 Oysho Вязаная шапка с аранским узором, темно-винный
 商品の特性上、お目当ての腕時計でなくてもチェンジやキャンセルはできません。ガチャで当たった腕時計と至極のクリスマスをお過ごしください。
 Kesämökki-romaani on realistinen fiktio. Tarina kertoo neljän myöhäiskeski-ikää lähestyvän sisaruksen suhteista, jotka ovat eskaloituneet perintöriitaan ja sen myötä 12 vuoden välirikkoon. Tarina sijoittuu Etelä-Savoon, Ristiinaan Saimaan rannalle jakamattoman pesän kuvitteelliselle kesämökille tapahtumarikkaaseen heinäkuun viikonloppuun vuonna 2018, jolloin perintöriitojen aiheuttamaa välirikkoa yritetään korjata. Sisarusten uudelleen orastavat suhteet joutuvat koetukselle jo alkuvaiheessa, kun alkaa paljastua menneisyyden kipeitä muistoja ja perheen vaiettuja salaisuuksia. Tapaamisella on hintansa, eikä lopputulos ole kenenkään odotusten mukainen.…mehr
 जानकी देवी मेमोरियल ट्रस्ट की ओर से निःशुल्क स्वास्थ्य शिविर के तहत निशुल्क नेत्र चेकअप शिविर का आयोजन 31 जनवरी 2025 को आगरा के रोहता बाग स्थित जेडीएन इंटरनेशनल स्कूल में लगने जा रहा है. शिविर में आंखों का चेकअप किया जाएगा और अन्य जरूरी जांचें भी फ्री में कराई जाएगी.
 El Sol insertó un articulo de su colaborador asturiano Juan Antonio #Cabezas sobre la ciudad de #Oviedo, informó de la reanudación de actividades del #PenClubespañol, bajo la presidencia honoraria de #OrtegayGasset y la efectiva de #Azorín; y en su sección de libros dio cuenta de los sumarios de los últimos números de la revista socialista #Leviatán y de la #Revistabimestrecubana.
• • • • •
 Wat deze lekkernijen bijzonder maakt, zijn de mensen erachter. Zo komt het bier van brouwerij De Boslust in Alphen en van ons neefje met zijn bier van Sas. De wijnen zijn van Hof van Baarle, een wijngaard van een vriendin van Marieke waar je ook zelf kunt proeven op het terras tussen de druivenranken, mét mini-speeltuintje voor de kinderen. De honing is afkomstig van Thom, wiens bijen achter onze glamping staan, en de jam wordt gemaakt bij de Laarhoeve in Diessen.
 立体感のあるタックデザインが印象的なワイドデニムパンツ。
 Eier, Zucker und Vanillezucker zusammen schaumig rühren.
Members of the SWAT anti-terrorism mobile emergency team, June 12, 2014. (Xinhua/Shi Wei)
• • • • •
◆ Assignment
From the records above, print exactly the lines that run from the line with "Eier, Zucker und" to the line with "Members of the", inclusive.

◆ Written response
 Eier, Zucker und Vanillezucker zusammen schaumig rühren.
Members of the SWAT anti-terrorism mobile emergency team, June 12, 2014. (Xinhua/Shi Wei)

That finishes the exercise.